Researchers have developed a new machine learning system to improve the accuracy and efficiency of sewer-river system models. This innovative approach, detailed in their latest publication, promises to significantly reduce parameter calibration time and enhance model precision in predicting urban water pollution.

The complexity of integrating sewer systems and urban rivers into a comprehensive model has long posed challenges due to extensive computational demands and limited monitoring data. Traditional calibration methods fall short in addressing these challenges effectively.

A recent study (https://doi.org/10.1016/j.ese.2023.100320) published in Environmental Science and Ecotechnology (Volume 18, 2024) introduces an advanced machine learning system designed to improve the accuracy and efficiency of sewer-river system modeling. This innovative technique significantly reduces the time required for parameter calibration and enhances the precision of predictions regarding urban water pollution.
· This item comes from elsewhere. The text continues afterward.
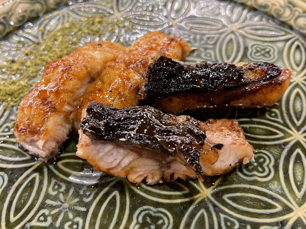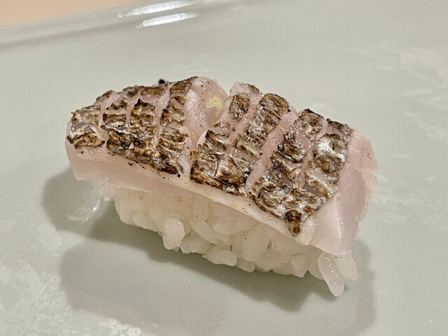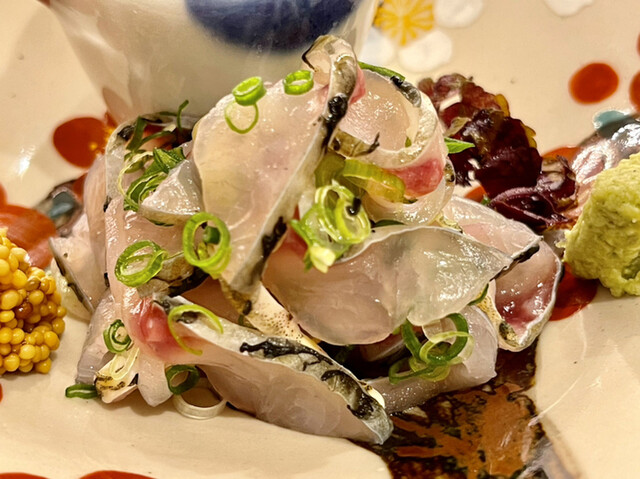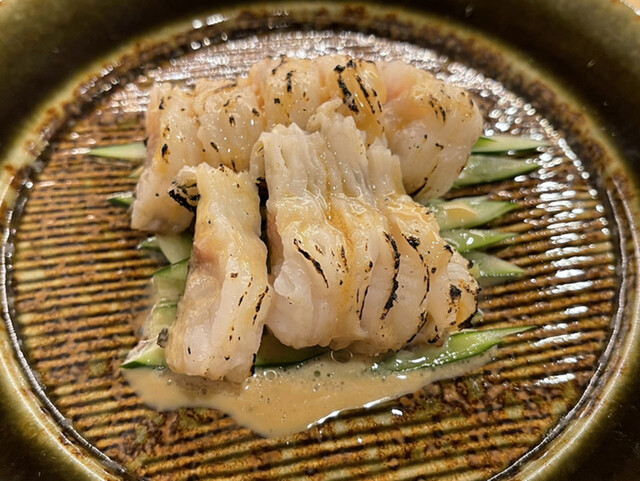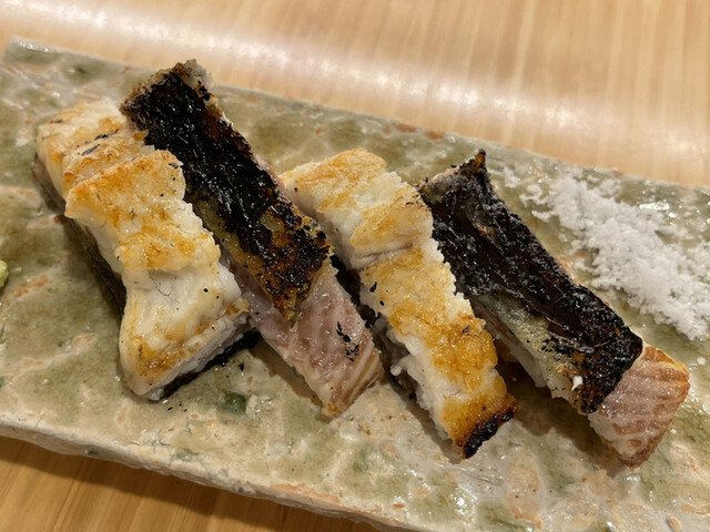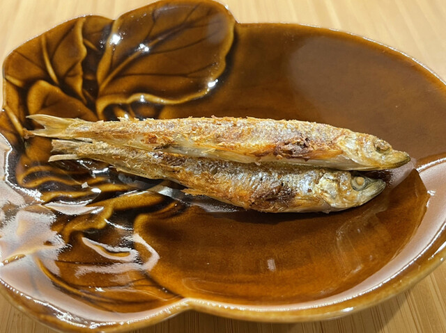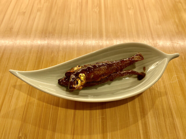 まじかは、いつもと仕立てを変えて、骨切り、油焼きしたものをさらに皮を炙って。皮のおいしさが際立つ。

At the heart of this breakthrough research is the ingenious combination of two advanced technologies: Ant Colony Optimization (ACO) and Long Short-Term Memory (LSTM) networks, integrated into a machine learning parallel system (MLPS). ACO is inspired by the foraging behavior of ants to find the most efficient paths, applied here to navigate through the complex parameter space of water models. Meanwhile, LSTM networks, a type of recurrent neural network, excel in recognizing patterns in sequential data, making them ideal for understanding the temporal dynamics of pollutants in sewer-river systems. By marrying these technologies, the researchers have crafted an MLPS capable of performing rapid and precise calibrations of sewer-river models. Traditional methods, often cumbersome and time-consuming, can't match the efficiency or the accuracy of this new approach. Specifically, the MLPS drastically reduces calibration times from potentially months to just a few days, without sacrificing the model's ability to predict pollution levels accurately.

Highlights

  • A model calibration method is built with model surrogation and algorithm optimization.
  • The process-based models and machine learning interact in a unique way.
  • The optimization time of the integrated process-based model could be saved by 89.94%.
  • The accuracy of complex models can be improved based on limited data.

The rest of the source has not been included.